Horror & Thriller Series 526

Awalnya Jun hanya ingin berjalan-jalan. Namun, tampaknya wanita yang ada disampingnya mengajaknya memasuki sebuah restaurant. Mereka berdua masuk dan memesan sebuah makanan mewah dan mahal. Seorang pelayan datang dan menghidangkan semua makanan yang mereka berdua pesan.

Setelah selesai, Desi menyarankan untuk kesebuah taman, tapi Jun yang melihat bahwa ini sudah hampir tengah malam berniat membawa kembali Desi kerumahnya. Mereka kembali.

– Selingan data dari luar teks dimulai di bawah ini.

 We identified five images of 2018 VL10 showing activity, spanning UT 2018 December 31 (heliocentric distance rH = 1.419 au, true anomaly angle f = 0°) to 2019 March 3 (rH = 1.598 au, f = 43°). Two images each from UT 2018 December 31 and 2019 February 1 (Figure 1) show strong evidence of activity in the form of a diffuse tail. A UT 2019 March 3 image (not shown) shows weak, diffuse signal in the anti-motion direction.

"Terimakasih atas makan malamnya!" Ucap Desi dengan senyum sumringah. Memamerkan gigi putihnya.

"Tidak masalah."

Lalu Jun kembali kerumah.
Tempat yang sangat nyaman dan santai untuk menikmati malam yang serasa mencekam barusan. Jun sangat tidak percaya bahwa Desi akan mengajaknya keluar malam ini. Tapi tidak akan mungkin untuk menolak ajakan Desi karena ajakan ini menyertakan nama ayah Desi didalamnya.

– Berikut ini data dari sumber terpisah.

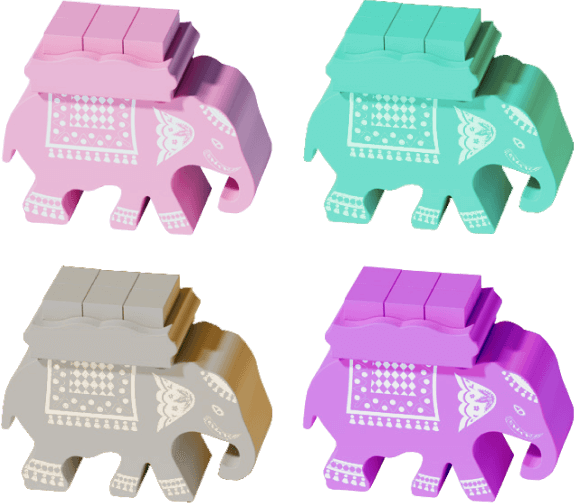 Игра в абсолютно красивейшей коробке наполнена множеством деревянных и картонных компонентов, включает в себя большое игровое поле и огромных деревянных слонов с шёлкографией, которых вы активно используете в процессе игры.
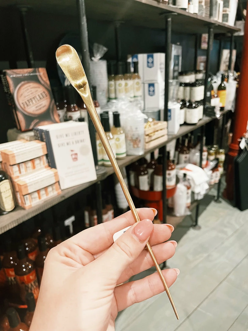 Whether it be for stirring a homemade cocktail at a party or just a nice summer tea, this cocktail spoon is a must-have. It is brass and thin, which makes it a great simple utensil for the kitchen. It is lightweight which makes it perfect for cook outs and dinner parties with friends.

Didepan rumah, Erik sedang duduk sambil mengetik sesuatu didepan laptopnya. Matanya sesekali menatap buku yang ada disamping lalu kembali menatap layar monitor dan mengetik kembali.

Jun turun dari mobil dan mendesah panjang saat duduk di kursi panjang di samping Erik.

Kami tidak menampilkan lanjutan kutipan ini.